In Latin America, investors tend to concentrate on Brazil or Mexico, but they’re overlooking one of the region’s “most consistent growth engines” – Peru, says Shuli Ren in Barron’s.
Since 2000, Peru’s economy has expanded at an average annual rate of 5.6%, compared to a South American average of 3.3%.
Peruvian stocks are largely a commodities play. The country produces large quantities of gold, silver, copper, oil and gas, and that means raw materials dominate the stock market index.
Sadly, the index has fallen along with metals prices, but the money from the raw-materials boom, along with sound economic management, is allowing the country to diversify, as James McKeigue of LatAm Investor, and MoneyWeek’s The New World free email, points out.

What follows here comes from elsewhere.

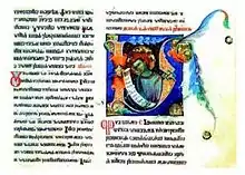The missal itself was written in Croatian recension of the Church Slavonic language, in the Croatian angular Glagolitic script and quite possibly illuminated, by the royal knight Novak Disislavić on his estates in Krbava in 1368. The author's family descended from the Mogorović gentis, which at that time belonged to the medieval institution Nobiles duodecim generationum regni Croatiae.[1] He was also named the duke of Šolgov in Hungary and duke of Nin in Dalmatia. The missal was written as a pledged gift to a church, where he was to be buried after death.[2]

Much of the commodities cash has been channelled into infrastructure, thus helping other sectors to gain strength. Inflation is under control and there is a budget surplus.
All this means that the domestic economy is gathering strength, says Ren. Lending to businesses and consumers is growing fast, but there’s still scope for further growth: credit is only worth 30% of GDP in Peru, compared to 56% in Brazil and 98% in Chile. Moving away from credit, the retail sector is worth only 25% of GDP and that figure will rise fast.
JPMorgan estimates that the proportion of households entering the $10,000-and-above wage bracket will jump from 41% to 61% by 2018.